Reporte de ciberataques em 24 horas obrigatório a partir de 11 de setembro

A partir de 11 de setembro de 2026, os fabricantes de produtos com elementos digitais passam a ter apenas 24 horas para dar o primeiro alerta sobre vulnerabilidades ativamente exploradas e incidentes graves de segurança. A obrigação decorre do Regulamento (UE) 2024/2847, conhecido como Regulamento da Ciber-Resiliência ou Cyber Resilience Act (CRA), e é a primeira parte do diploma a produzir efeitos, mais de um ano antes da sua aplicação plena.
O reporte é faseado e obedece a três momentos. Nas primeiras 24 horas após tomar conhecimento do problema, o fabricante tem de submeter um alerta precoce. Nas 72 horas seguintes, deve entregar uma notificação com informação técnica mais completa. O relatório final tem de chegar no prazo de 14 dias após a disponibilização de uma medida corretiva, no caso das vulnerabilidades ativamente exploradas, ou de um mês, no caso dos incidentes graves.
As comunicações são dirigidas à equipa de resposta a incidentes de segurança informática, designada por Computer Security Incident Response Team (CSIRT), do Estado-Membro onde o fabricante tem o seu estabelecimento principal, com partilha simultânea com a Agência da União Europeia para a Cibersegurança (ENISA) e com as restantes equipas nacionais relevantes. Em Portugal, o papel de equipa nacional de resposta a incidentes é assegurado pelo CERT.PT, serviço integrado no Centro Nacional de Cibersegurança (CNCS).
Para evitar submissões repetidas junto de várias autoridades, o regulamento cria uma plataforma única de reporte, a Single Reporting Platform, desenvolvida pela ENISA. Segundo a página oficial da agência e a documentação da Comissão Europeia sobre as obrigações de reporte do regulamento, a plataforma passa a ser utilizada por fabricantes e equipas nacionais a partir de 11 de setembro de 2026, ficando também disponível para comunicações voluntárias por parte de qualquer pessoa singular ou coletiva.

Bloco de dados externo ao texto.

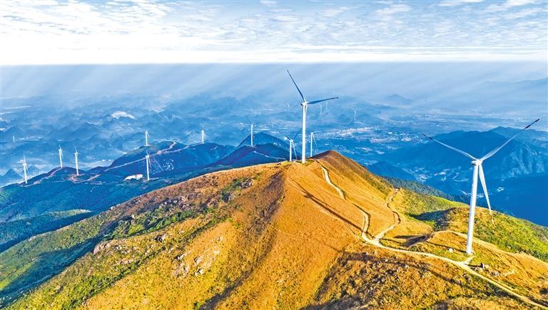 11月16日,位于湖南省永州市江华瑶族自治县姑婆山上的九恒风电场,数十台白色风力发电机组迎风旋转,将风能转换成电能。近年来,当地充分利用丰富的风力资源,大力发展风力发电,并带动相关产业发展。

Uma vulnerabilidade é considerada ativamente explorada quando existem provas fiáveis de que foi utilizada por um agente malicioso sem autorização do proprietário do sistema. Um incidente é grave quando afeta, ou pode afetar, a capacidade do produto para proteger dados ou funções sensíveis, ou quando conduz à introdução ou execução de código malicioso. As obrigações abrangem os produtos já colocados no mercado europeu e não apenas os que forem introduzidos após a data. O regulamento entrou em vigor a 10 de dezembro de 2024 e será aplicável na íntegra a 11 de dezembro de 2027. O calendário foi assinalado em Portugal pelo portal ITSecurity.pt, em artigo publicado a 7 de setembro de 2026.
Para as empresas abrangidas, vale a pena separar dois regimes que coexistem. O Regime Jurídico da Cibersegurança (RJC), aprovado pelo Decreto-Lei n.º 125/2025 e em vigor desde 3 de abril de 2026, transpõe a diretiva NIS2 e impõe deveres de notificação às entidades essenciais e importantes junto do Centro Nacional de Cibersegurança. O Regulamento da Ciber-Resiliência acrescenta um dever distinto, dirigido a quem fabrica produtos com elementos digitais. Uma organização pode estar sujeita aos dois em simultâneo, com canais, destinatários e critérios diferentes, pelo que convém ter definido, antes de 11 de setembro, quem deteta, quem decide e quem submete dentro do prazo de 24 horas.